Nigeria Deposit Insurance Corporation (NDIC) pays between ₦2 million and ₦5 million as deposit insurance to customers of liquidated banks, Managing Director Thompson Oludare Sunday told the House Committee on Insurance and Actuarial Matters during 2026 budget defence.

NDIC
House Spokesperson Akin Rotimi Jr sought details on depositor entitlements, citing Heritage Bank’s June 2024 collapse and public concerns over financial confidence.
Sunday explained NDIC’s mandate: banks pay risk-based premiums (now under 1%, down from 15/16 of 1%) to guarantee deposits.
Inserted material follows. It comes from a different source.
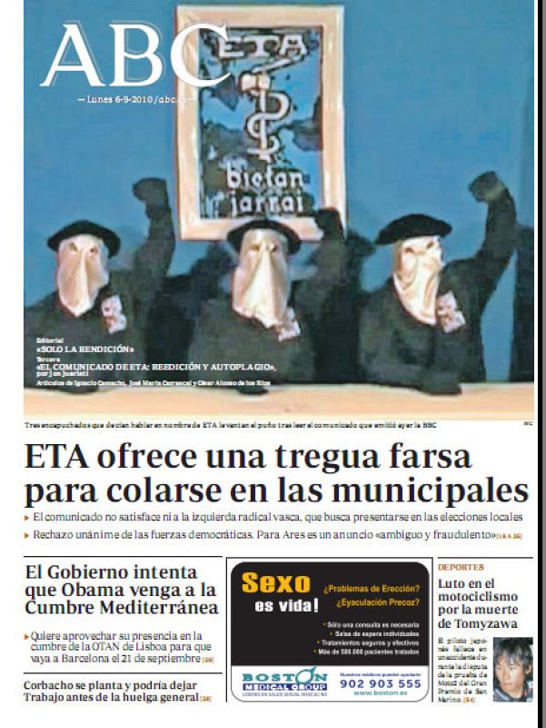 06.09.2010Portada de ABC tras el anucio del alto el fuego de ETAnoticias -

Coverage is ₦5 million for deposit money banks, primary mortgage banks (PMBs), and microfinance banks (MMOs); ₦2 million for other financial institutions.
Using BVN, NDIC auto-pays guaranteed sums without visits for amounts up to the limit. For Heritage, post-revocation, NDIC liquidated assets—selling buildings, recovering loans, realizing investments—and paid a second ₦24.63 billion dividend on January 6.
“Anything above ₦5 million or ₦2 million depends on recoveries,” Sunday said, noting ongoing asset sales and debt chases.
Committee Chairman Ahmed Jaha Babawo commended the clarity, noting the limit rose from ₦500,000 to ₦5 million recently. Over 90% of Heritage depositors got insured sums in under four days, meeting International Resolution Deposit (IRD) standards.
Babawo added liquidation dividends would be discussed in executive session.